# Introduction

- <b>This notebook provides a sample guideline on how you can prepare your raw data from various data sources for Machine Learining and Data analysis.The notebook is more focused on the data preprocessing process. </b>

<b>
 NOTE :
- The whole process may not apply to all datasets so its advisable to use your domain expertise to apply the necessary techniques on your datasets to get the desired results. </b>

# The Data Science workflow

- <b>The data science workflow consists of six major steps which are not linear. This means that depending on your task you will need to go back and forth through this process. </b>
- <b>The six steps include:
   - Scoping a project
   - Gathering Data
   - Cleaning Data
   - Exploring Data
   - Modeling Data
   - Sharing Insights </b>

# 1. Scoping a project

- <b>It involves clearly defining your objectives you need to achieve given certain datasets.

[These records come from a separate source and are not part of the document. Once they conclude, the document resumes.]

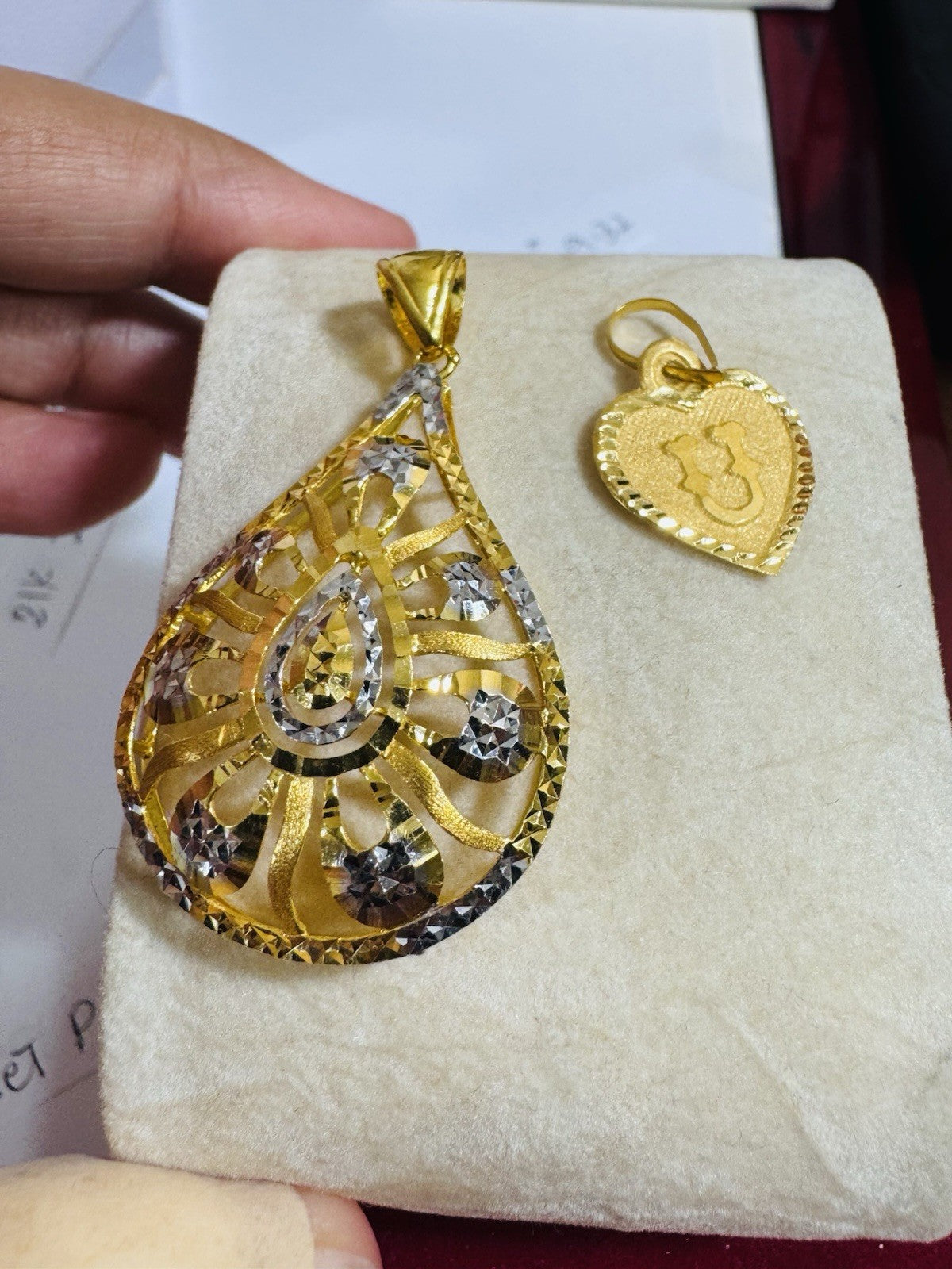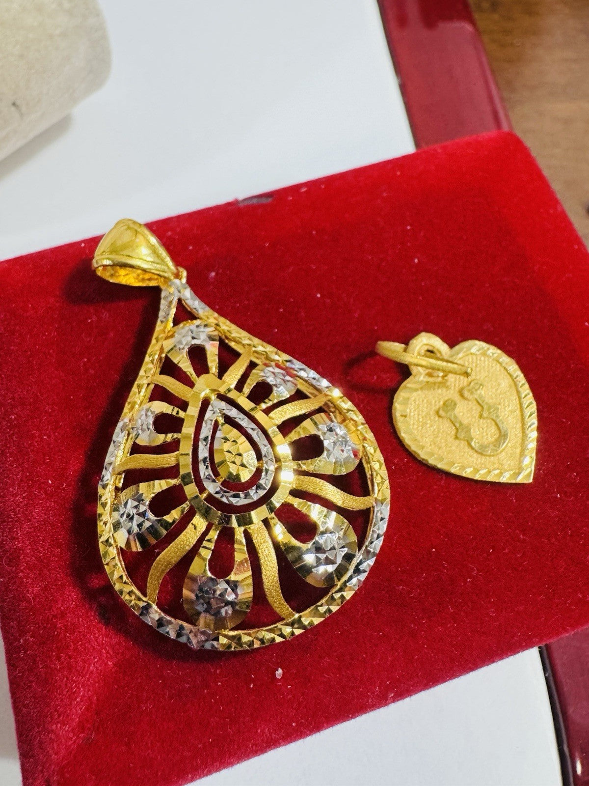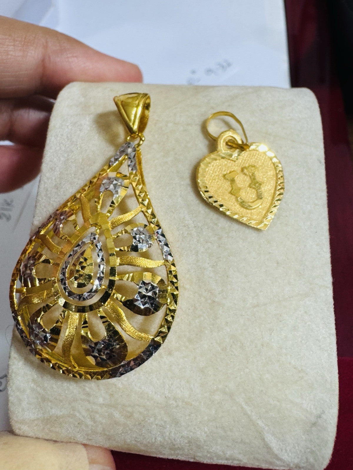 Solid 22K 916 Fine Real Gold Two Set Pendant 6.5 grams Teardrop and Heart U small pendant.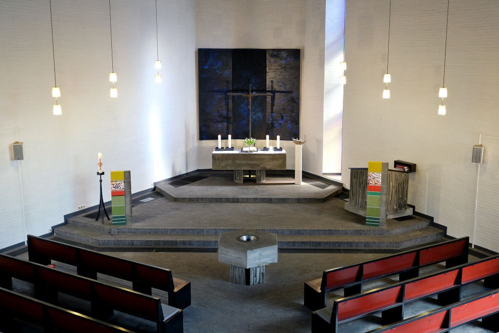 Eingeweiht wurde die Kirche im Jahre 1966 und seither kamen ausgewählte Kunstwerke hinzu. Eine nähere Beschreibung fasst die bau- und kunstgeschichtliche Führung zusammen, die hinter diesem Link hinterlegt ist.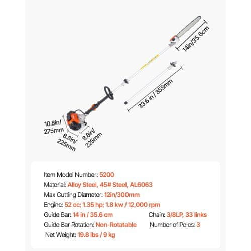 Ta gaasitoitel varresaag on ideaalne kõrgete okste hõlpsaks kärpimiseks ja pügamiseks. Selle juhtmevaba disain ja reguleeritav ulatus muudavad selle ideaalseks õuealade kujundamiseks ja puude hoolduseks. Mõõtmed: 275×225×225 mm. Celoten opis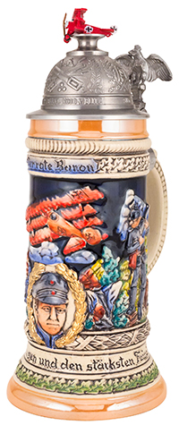 Stoneware, raised-relief decoration. World War I flying ace Manfred von Richthofen is framed by aircraft and banners of the era. The highly polished pewter lid is adorned with a hand painted miniature red Fokker triplane figurine. Limited edition of 4,000 pieces. Registered and individually numbered.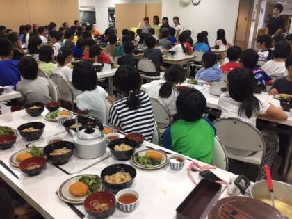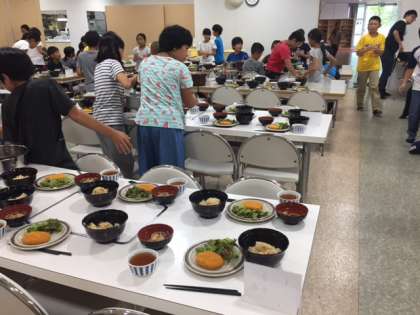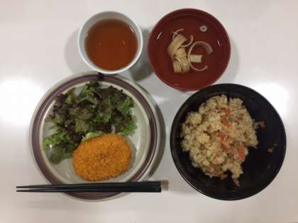 いよいよ最後の食事です。炊き込みご飯、サラダ、コロッケ、おすましです。食事係が、手際よく準備し、座って待っている余裕がありました。

Some of these objectives may include :
    - Who are your end users or stakeholders?
    - What business problems are you trying to solve?
    - Which Machine Learning algorithms are you going to use? </b>
- <b>Scoping steps include :
    - Think like an end user
    - Brainstorm problems and solutions
    - Identify data requirements and techniques </b>

# 2. Gathering Data

 - <b> Gathering the right data is essential to set a proper foundation for your analysis. </b>
 - <b>This process involves :
    - Finding the data from data sources eg Local files, Databases, Web access etc
    - Reading it into python
    - Transforming it if necessary
    - Storing the data into Pandas DataFrame </b>

#### Reading files into python using different file formats

In [4]:
# Import the Pandas library
import pandas as pd

In [5]:
# Reading csv formats
df_csv = pd.read_csv("../Data/cardio_base.csv")
df_csv.head(3)

Unnamed: 0,id,age,gender,height,weight,ap_hi,ap_lo,cholesterol,smoke
0,0,18393,2,168,62.0,110,80,1,0
1,1,20228,1,156,85.0,140,90,3,0
2,2,18857,1,165,64.0,130,70,3,0


In [6]:
# Reading excel formats
df_excel = pd.read_excel("../Data/Groceries.xlsx")
df_excel.head(3)

FileNotFoundError: [Errno 2] No such file or directory: 'Data/Groceries.xlsx'

In [None]:
# Reading data from the database

# Importing the database connector
import sqlite3

# Connect to the database
connect = sqlite3.connect('../Data/maven.db')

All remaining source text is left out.